Что перед этою картиною, написанною такою широкою и мощною кистию, что перед нею мелодраматические ужасы в повестях модных французских фельетонных романистов! Какая страшная простота и истина! И кто все это рассказывает? ограниченный и смешной Макар Алексеевич Девушкин!
Мы не будем больше указывать на превосходные частности этого романа: легче перечесть весь роман, нежели пересчитать все, что в нем превосходного, потому что он весь, в целом, - превосходен. Упомянем только о последнем письме Девушкина к его Вариньке: это слезы, рыдание, вопль, раздирающие душу! Тут все истинно, глубоко и велико, а между тем это пишет ограниченный, смешной Макар Алексеевич Девушкин! И читая его, вы сами готовы рыдать и в то же время вы улыбаетесь... Сколько сокрушительной силы любви, горя и отчаяния в этих простодушных словах старика, теряющего все, чем мила была ему жизнь: "Да вы знаете ли только, что там такое, куда вы едете-то, маточка? Вы, может быть, этого не знаете, так меня спросите! Там степь, родная моя, там степь, чистая, голая степь, вот как моя ладонь голая! Там ходит баба бесчувственная, да мужик необразованный пьяница ходит..."
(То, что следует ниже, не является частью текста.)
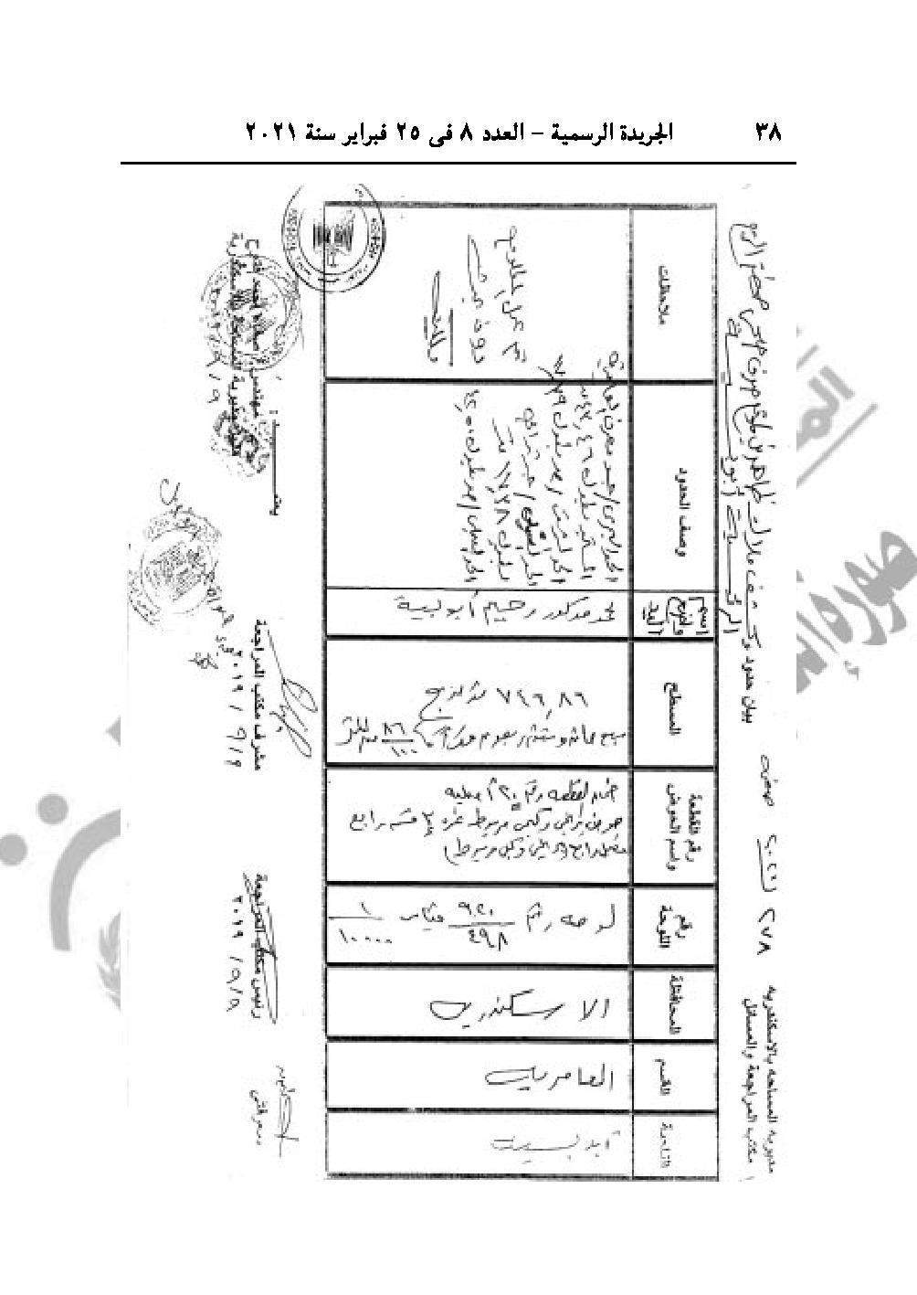 وينص القرار على أنه "يُعتبر من أعمال المنفعة العامة مشروع محطة رفع الصرف الصحي الرئيسية بمنطقة أبو بسيسة - العامرية - محافظة الإسكندرية ، الواقعة ضمن القطعة رقم (20) أصلية بحوض برنجي وكيمي مريوط نمـرة (3) قسم رابـع/ فصل رابع بمساحة (746.86م2) ، وذلك لصالح الجهاز التنفيذي لمياه الشرب والصرف الصحي".

Мы думаем, что теперь кстати сказать несколько слов и о "Двойнике", хотя он и не относится к "Петербургскому сборнику". Как талант необыкновенный, автор нисколько не повторился во втором своем произведении, - и оно представляет у него совершенно новый мир. Герой романа - г. Голядкин - один из тех обидчивых, помешанных на амбиции людей, которые так часто встречаются в низших и средних слоях нашего общества. Ему все кажется, что его обижают и словами, и взглядами, и жестами, что против него всюду составляются интриги, ведутся подкопы. Это тем смешнее, что он ни состоянием, ни чином, ни местом, ни умом, ни способностями решительно не может ни в ком возбудить к себе зависти. Он не умен и не глуп, не богат и не беден, очень добр и до слабости мягок характером; и жить ему на свете было бы совсем недурно; но болезненная обидчивость и подозрительность его характера есть черный демон его жизни, которому суждено сделать ад из его существования. Если внимательнее осмотреться кругом себя, сколько увидишь господ Голядкиных, и бедных и богатых, и глупых и умных! Г. Голядкин в восторге от одной своей добродетели, которая состоит в том, что он ходит не в маске, не интриган, действует открыто и идет прямою дорогою. Еще в начале романа, из разговора с доктором Крестьяном Ивановичем, не мудрено догадаться, что г. Голядкин расстроен в уме. Итак, герой романа - сумасшедший! Мысль смелая и выполненная автором с удивительным мастерством! Считаем излишним следить за ее развитием, указывать на отдельные места и удивляться целому созданию. Для всякого, кому доступны тайны искусства, с первого взгляда видно, что в "Двойнике" еще больше творческого таланта и глубины мысли, нежели в "Бедных людях". А между тем почти общий голос петербургских читателей решил, что этот роман несносно растянут и оттого ужасно скучен, из чего-де и следует, что об авторе напрасно прокричали и что в его таланте нет ничего необыкновенного!.. Справедливо ли такое заключение? - Мы не обинуясь скажем, что, с одной стороны, оно крайне ложно, а с другой, что в нем есть основание, как оно всегда бывает в суждении непонимающей самой себя толпы.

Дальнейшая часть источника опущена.